Wow - it's a powerful protection having a family. I felt it when I met my husband, and remember thinking that if things went badly at work or in friendships or anywhere else, it was okay now because someone loved me and I loved them and that's what mattered. And now the baby is here that feeling has multiplied.
This protection makes everything else less powerful and I think sometimes people sense that and can feel threatened by it. They can only hurt you a little bit, unless they hurt your family also. It's why films are right when good people will do bad things if the baddies have their child or their partner. I had always thought this was just a cheap plot device, but I see now that it is true. For you are there to protect your family, but they protect you too. Which means there should have been no need to question whether my daughter should see me cry, because there really was no need to cry in the first place.
(Now I just have to put this into practise. I am a crier. From sad things on the telly to stubbing my toe to thinking about mortality to seeing a pretty picture to having a frustrating conversation with someone being stupid. I must learn to take my own advice.)
Interesting post. I have cried in front of my daughter a few times but to be honest I've felt guilty about it. I think it's good for a mother and daughter to be close and feel they can always be open about their emotions but at the same time I want to always be strong for her.

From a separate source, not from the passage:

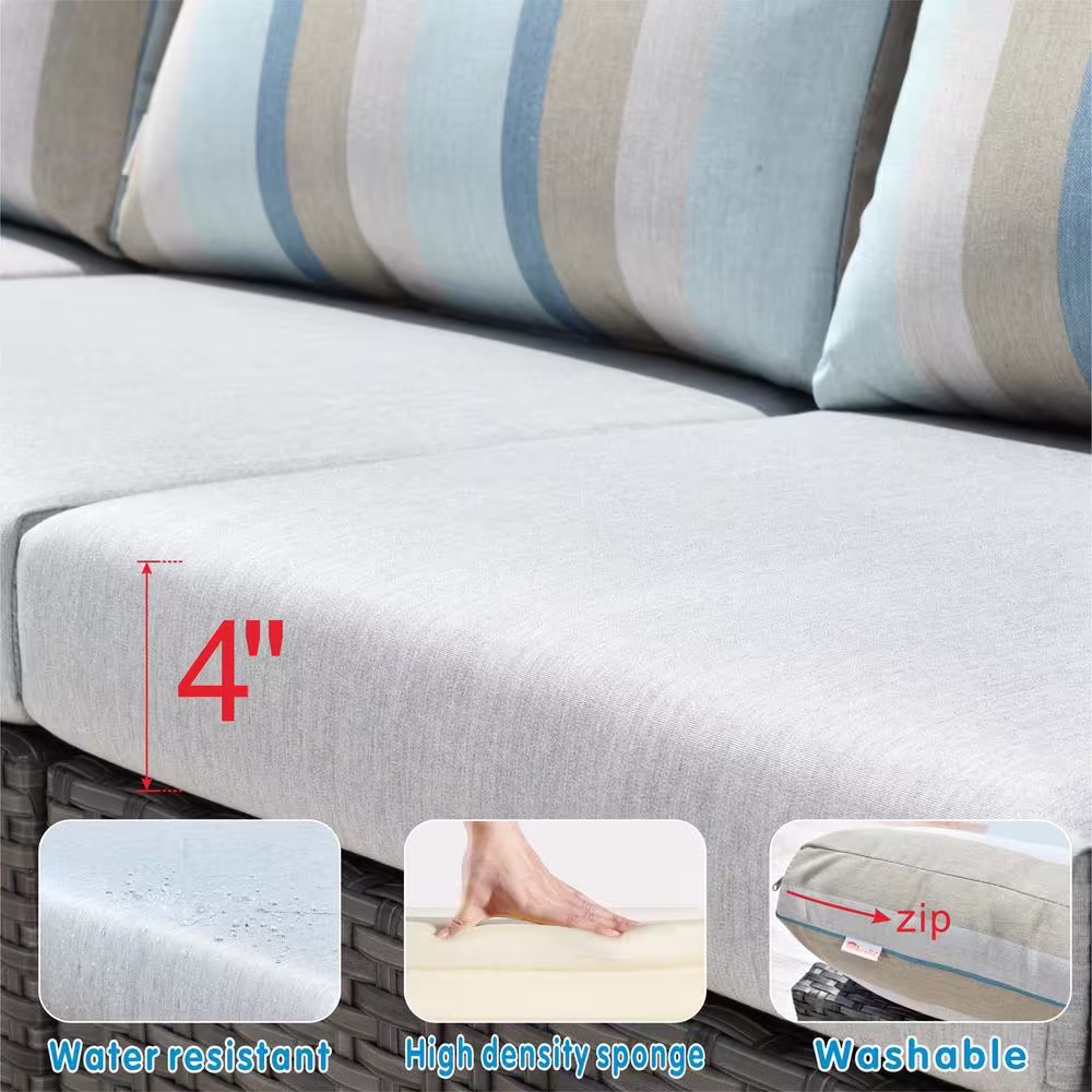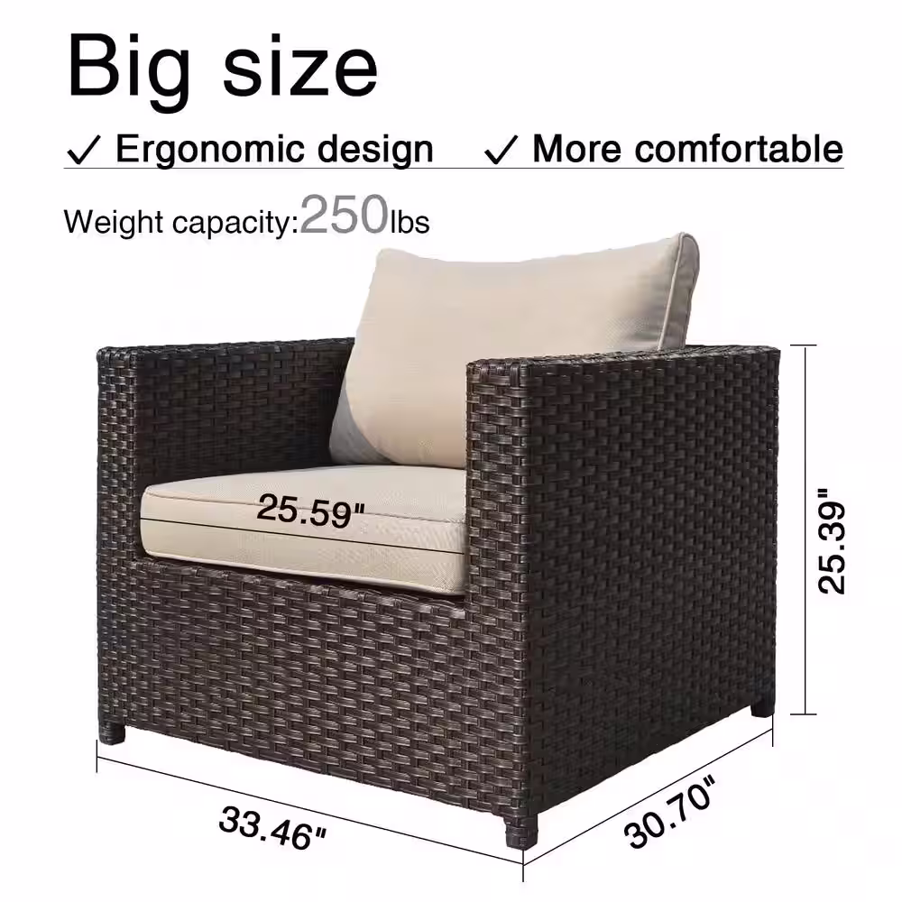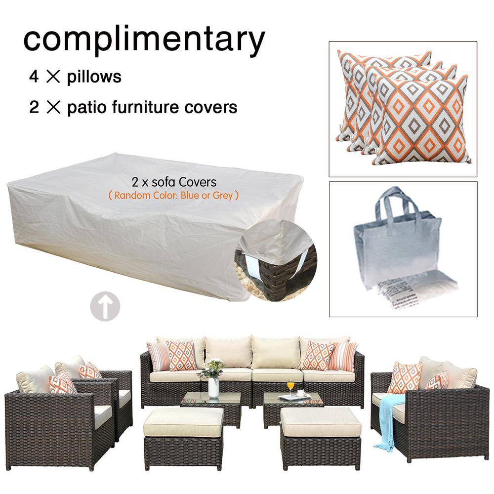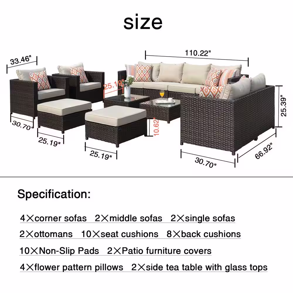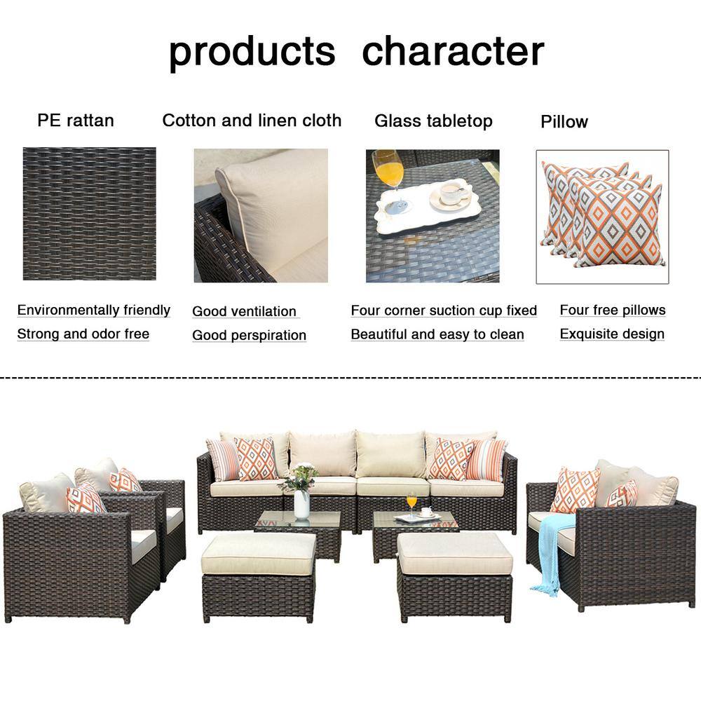 OVIOS Wassilka 12-Piece Big Size Wicker Patio Conversation Set with Beige Cushions

I want to always be her protector not an emotional wreck.
ReplyDeleteI am pregnant at the moment and pretty much throwing up daily in front of my daughter. I felt guilty about that too at first like I was showing her my weakness but as it turns out she's brilliant about it. She's only three but has been looking after me wonderfully when I need it. Makes me realise that even at such a young age the love and protection works both ways. I am so proud of her.... I could start crying now, sob sob.